### [WHAT YOU SHOULD DO]
Exclude all pictures, then write out exactly the lines below from the first one through the line with "Aicinām līdz 15.".

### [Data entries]
──────────────────────────────
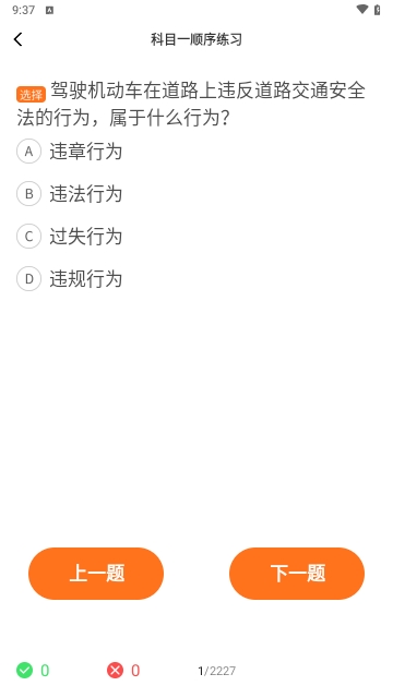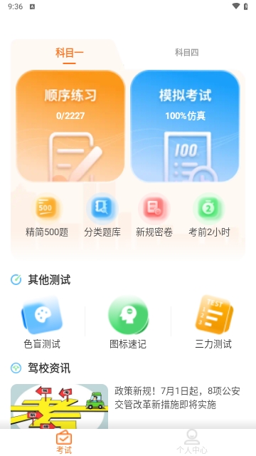 用户可以参与科目一的模拟考试,获取仿真试题进行考试答题。
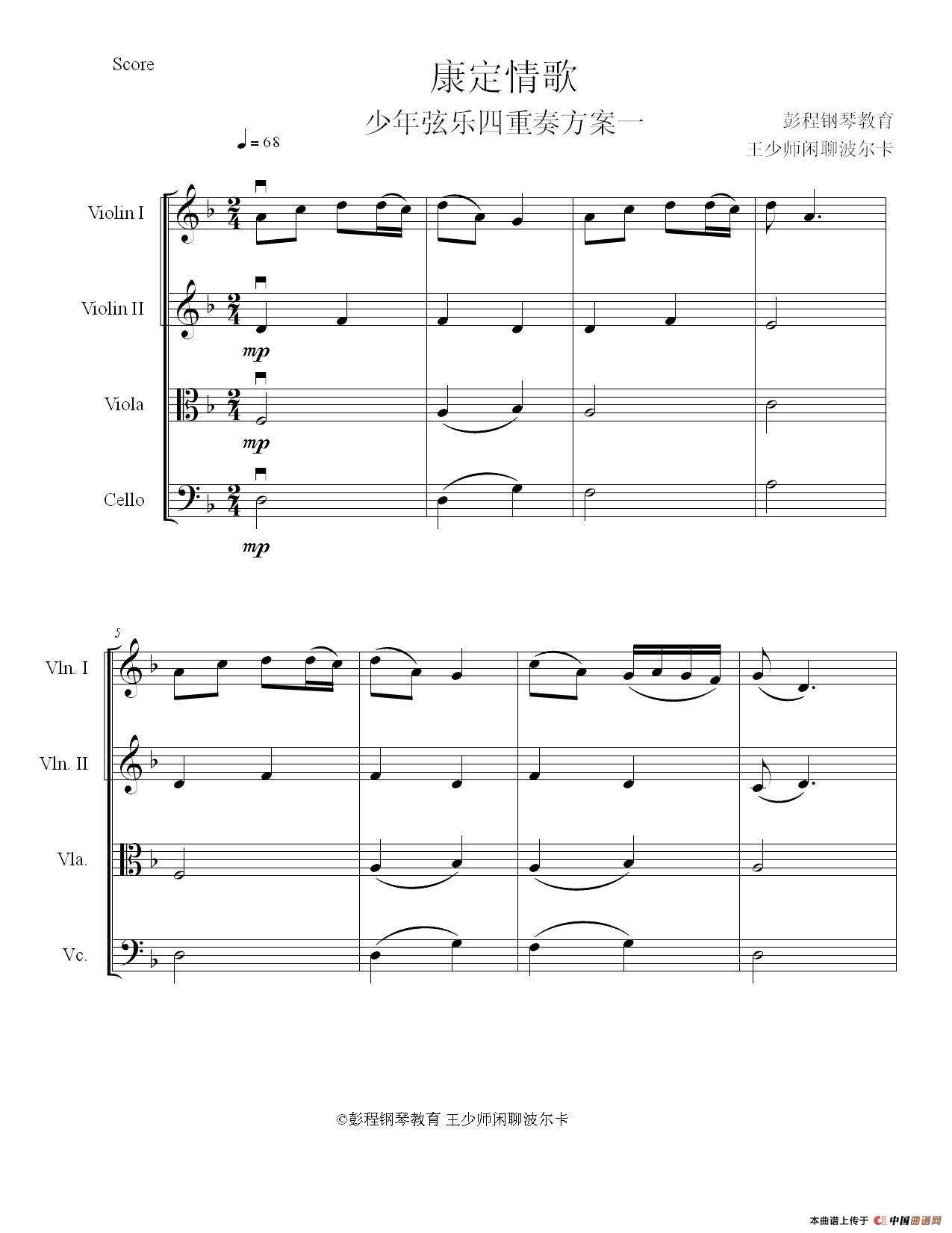 康定情歌 弦乐四重奏小品
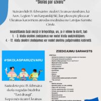 Aicinām līdz 15. februārim ziedot Ukrainas vienībām, kā Azov, Legion-V un Karpatskij Sič, kur plecu pie pleca ar Ukrainas karavīriem atrodas medmāsa no Latvijas Sarmīte Cīrule. Iesaistīšanās šajā akcijā ir brīvprātīga, un, ja ir vēlme to darīt, tad: 1. – 3. klašu skolēni ziedojumus var nodot klašu audzinātājiem; 4. – 12. klašu skolēni ziedojumus var Read More …
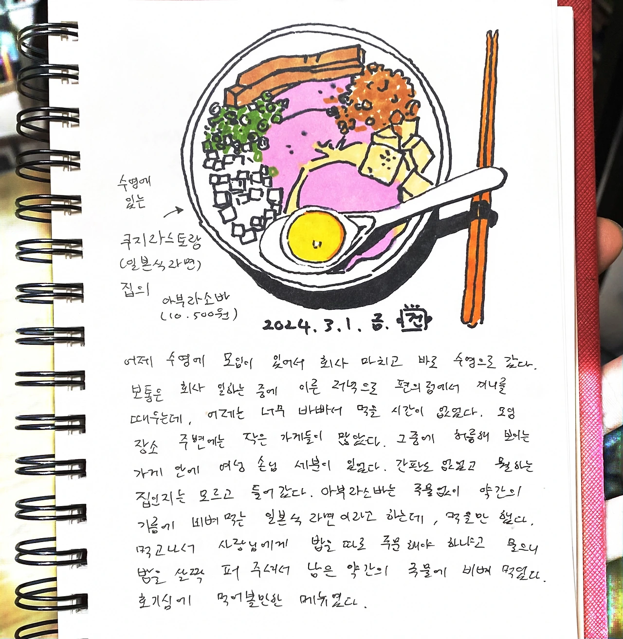 어제 수영에 모임이 있어서 회사 마치고 바로 수영으로 갔다. 보통은 회사 일하는 중에 이른 저녁으로 편의점에서 끼니를 때우는데, 어제는 너무 바빠서 먹을 시간이 없었다. 모임 장소 주변에는 작은 가게들이 많았다. 그중에 허름해 보이는 가게 안에 여성 손님 세분이 있었다. 간판도 없었고 뭘하는 집인지는 모르고 들어갔다. 아부라소바는 국물없이 약간의 기름에 비벼먹는 일본식 라면이라고 하는데, 먹을만 했다. 먹고나서 사장님에게 밥을 따로 주문해야 하냐고 물으니 밥을 살짝 퍼 주셔서 남은 약간의 국물에 비며먹었다. 호기심에 먹어볼만한 메뉴였다.
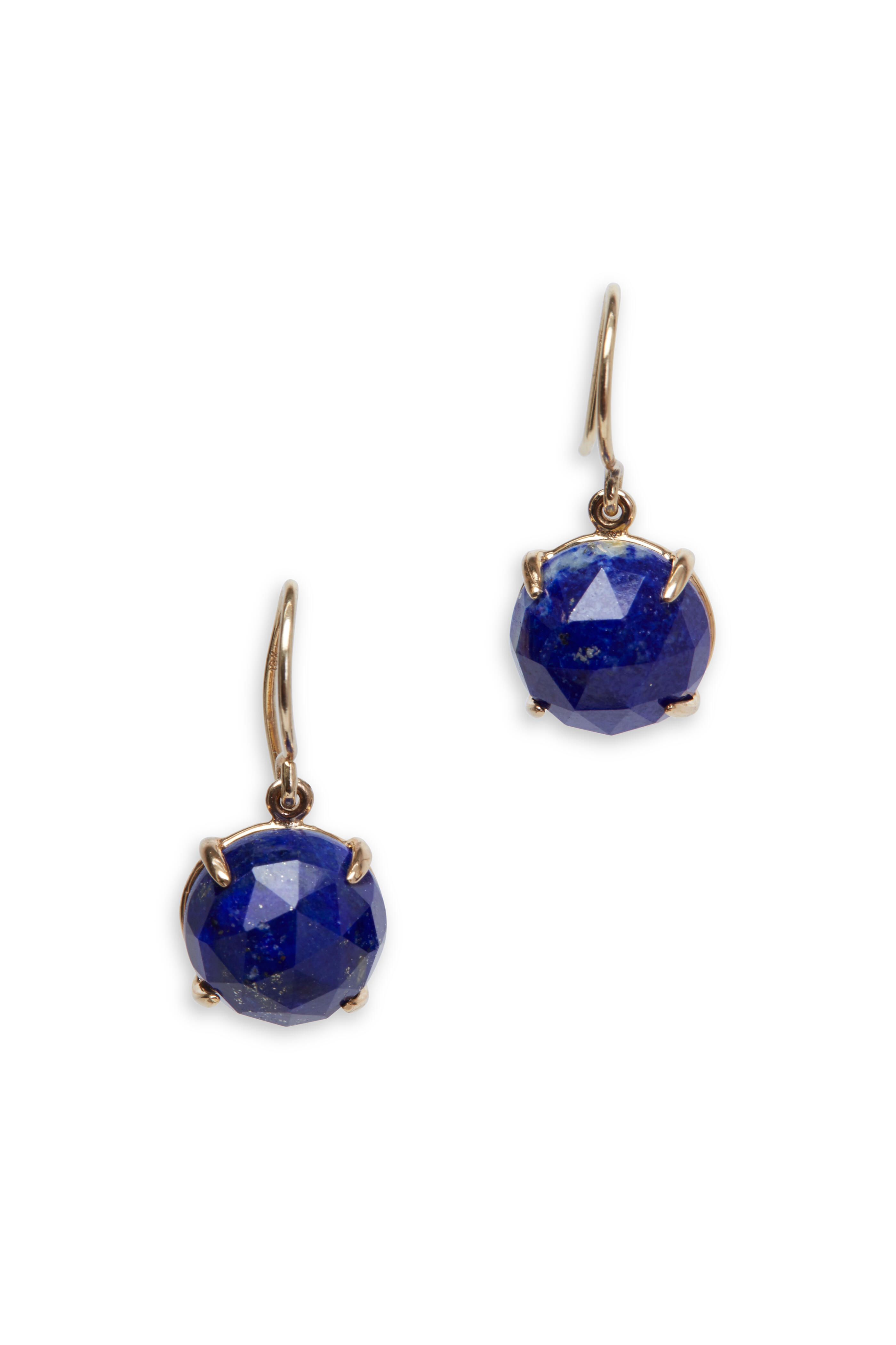 A refreshing burst of blue, these beautiful earrings showcase exquisite, round lapis gemstones of intense dark blue hues that shimmer passionately. They are set in warm yellow gold and secured by four prongs.
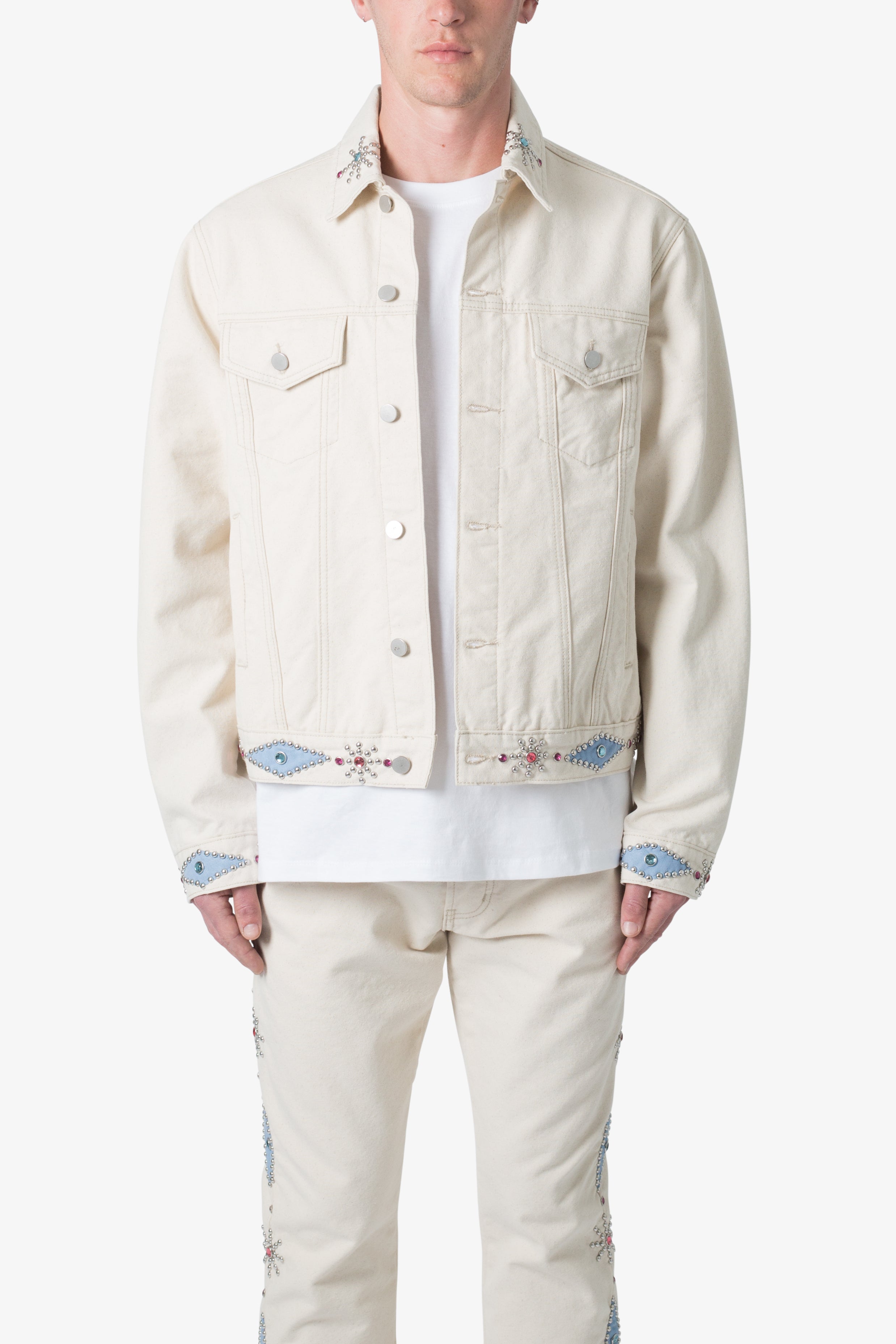 developed in Los Angeles, the Jewel Studded Trucker Jacket is designed with a standard fit and features a classic cut and details with jewel stud details throughout. The natural cotton denim base undergoes a vintage wash, that’s both visually striking and pleasing to the touch.
──────────────────────────────
### [REPLY TO THE TASK]
 用户可以参与科目一的模拟考试,获取仿真试题进行考试答题。
 康定情歌 弦乐四重奏小品
 Aicinām līdz 15. februārim ziedot Ukrainas vienībām, kā Azov, Legion-V un Karpatskij Sič, kur plecu pie pleca ar Ukrainas karavīriem atrodas medmāsa no Latvijas Sarmīte Cīrule. Iesaistīšanās šajā akcijā ir brīvprātīga, un, ja ir vēlme to darīt, tad: 1. – 3. klašu skolēni ziedojumus var nodot klašu audzinātājiem; 4. – 12. klašu skolēni ziedojumus var Read More …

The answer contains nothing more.